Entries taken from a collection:
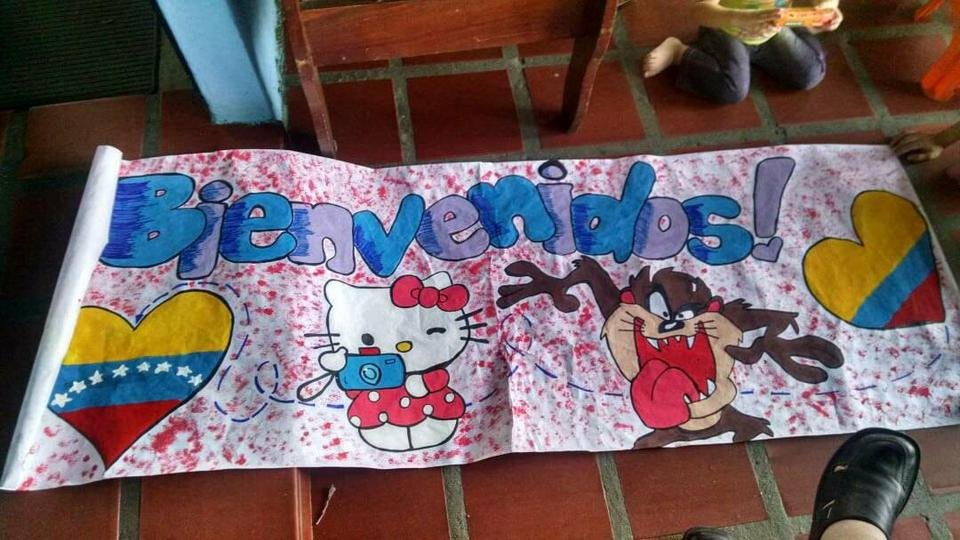 Todos saben el problema que tiene mi país Venezuela y que por ello la gente se va del país hacia un futuro mejor, por esta razón se han separado familias, amores, amigos; esta pancarta fue realizada para un reencuentro de mi primo con su novia que volvía a Venezuela, fue hecha con mucho amor. Quedó totalmente encantada al verla.
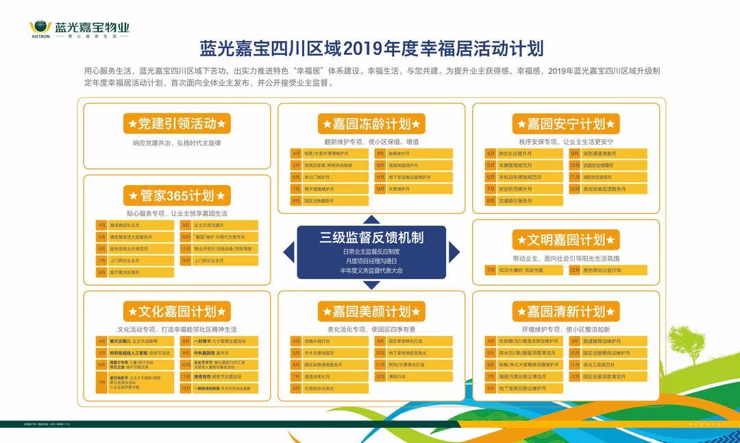 2019年,蓝光嘉宝四川区域在这基础上做了升级,全年制定了“嘉园冻龄计划”、“嘉园安宁计划”、“管家365计划”、“文明嘉园计划”、“文化嘉园计划”、“嘉园美颜计划”、“嘉园清新计划”和“党建引领活动”,并计划以“三级监督反馈机制”保障活动的切实落地与优化。
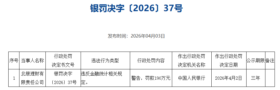 4月3日,中国人民银行公示的行政处罚信息显示,北银理财因违反金融统计相关规定,被中国人民银行予以警告,并处以190万元罚款。据同花顺iFinD信息统计,这是银行理财子公司2026年以来收到的首张罚单,也是北银理财成立以来收到的首张监管罚单。
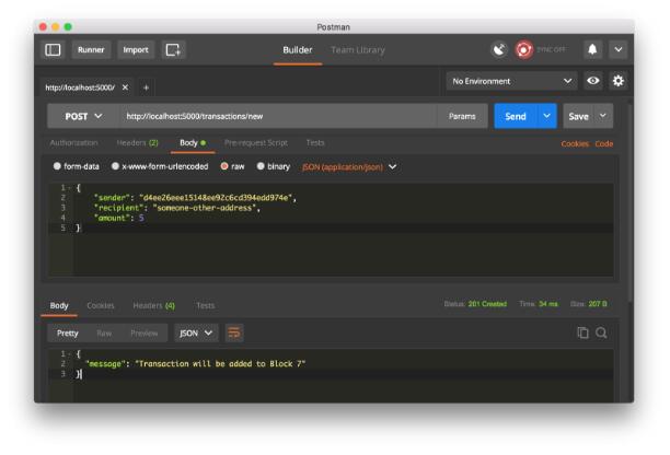 接下来我们需要添加一个交易,来完善下new_transaction方法
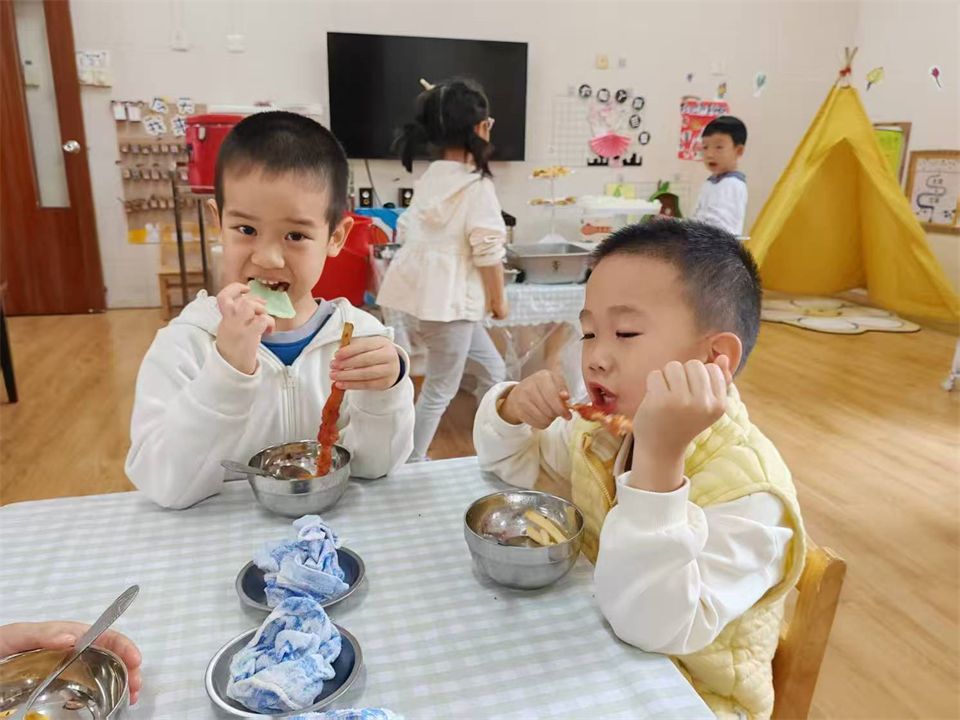 美味自助餐时间到了,孩子们围坐在整洁的餐桌旁。碗里装着美味的食物,有金黄的玉米、香喷喷的肉串,还有其他可口的菜肴。大家吃得津津有味,有的嘴巴鼓鼓的,像只可爱的小仓鼠,让人忍俊不禁。用餐不仅满足了他们的小肚肚,更在潜移默化中培养着他们良好的饮食习惯和分享精神。
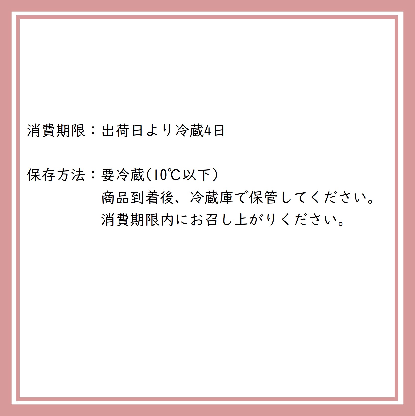 <消費期限>出荷日(製造日)より冷蔵4日
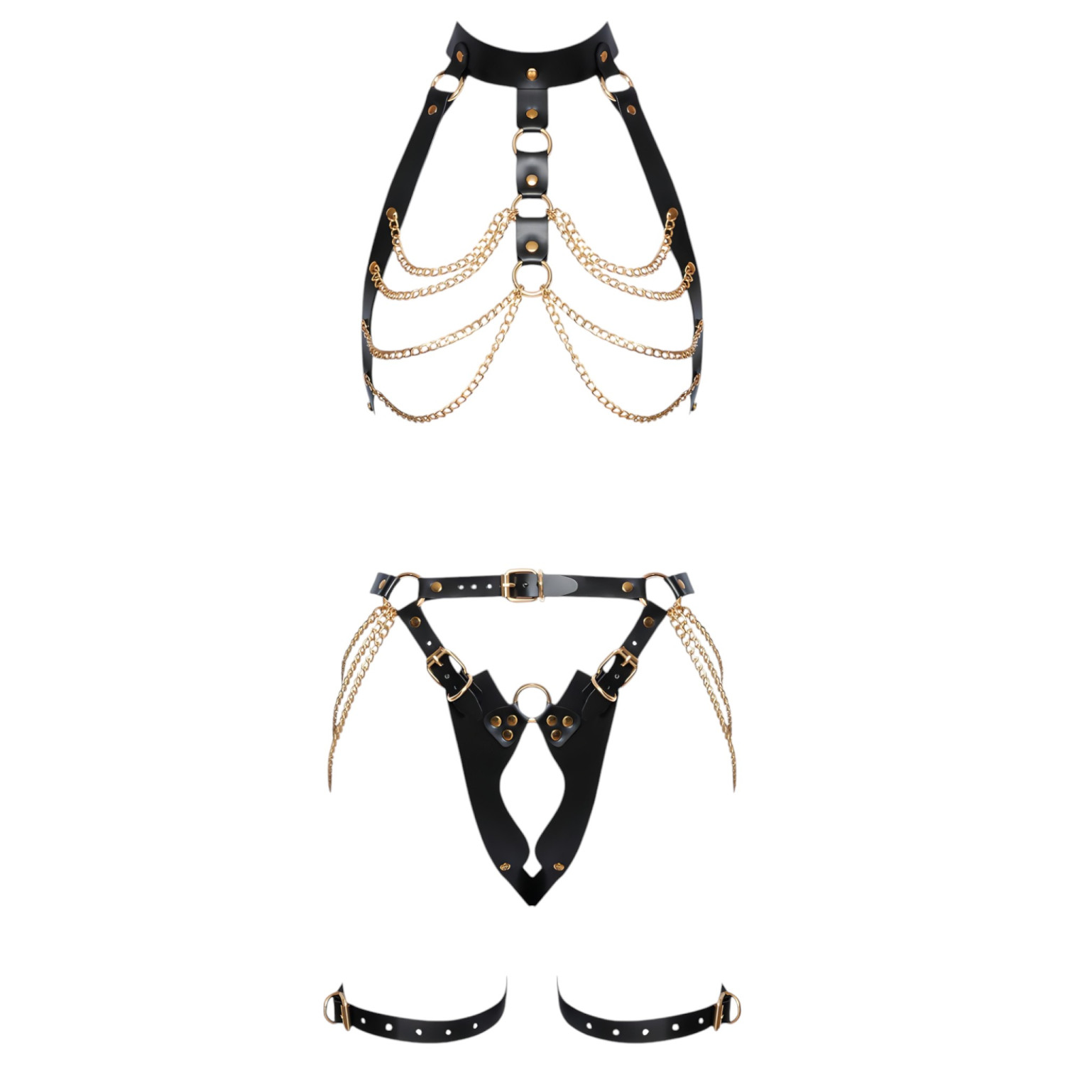 ZADO - 2-delt lærharness-sett (svart-gull)
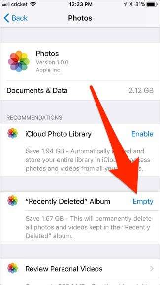 Оттуда нажмите «Очистить» рядом с «Недавно удаленный альбом». Ниже он сообщит вам, сколько места это освободит.
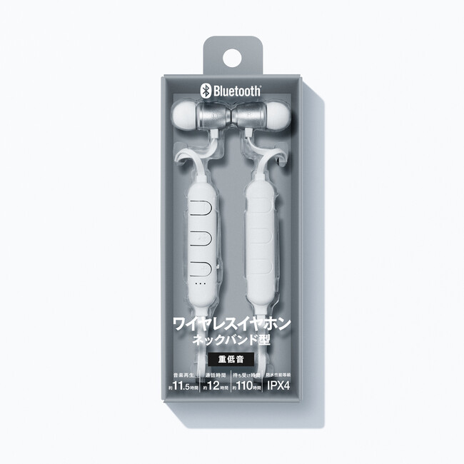 【商品名】ワイヤレスイヤホン ネックバンド型 白
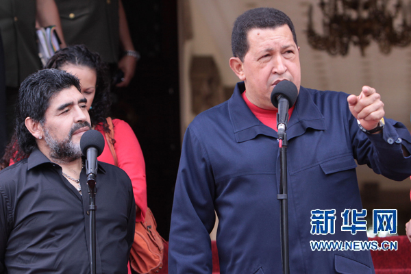 7月22日,在委內瑞拉首都加拉加斯總統府,委內瑞拉總統查韋斯(右)與阿根廷國家足球隊主教練馬拉多納會面。查韋斯22日宣布與哥倫比亞斷絕外交關系,以抗議哥倫比亞日前關于多名哥反政府武裝頭目藏身委內瑞拉的指責。查韋斯當天上午在總統府會見馬拉多納時說:“出于尊嚴,我們別無選擇,只能斷絕與哥倫比亞的外交關系。”新華社發

**To do**
The expected answer is an exact copy of the lines from the one containing "ZADO - 2-delt lærharness-sett (svart-gull)" through the last line of the entries above, both included, without pictures.

**Answer**
 ZADO - 2-delt lærharness-sett (svart-gull)
 Оттуда нажмите «Очистить» рядом с «Недавно удаленный альбом». Ниже он сообщит вам, сколько места это освободит.
 【商品名】ワイヤレスイヤホン ネックバンド型 白
 7月22日,在委內瑞拉首都加拉加斯總統府,委內瑞拉總統查韋斯(右)與阿根廷國家足球隊主教練馬拉多納會面。查韋斯22日宣布與哥倫比亞斷絕外交關系,以抗議哥倫比亞日前關于多名哥反政府武裝頭目藏身委內瑞拉的指責。查韋斯當天上午在總統府會見馬拉多納時說:“出于尊嚴,我們別無選擇,只能斷絕與哥倫比亞的外交關系。”新華社發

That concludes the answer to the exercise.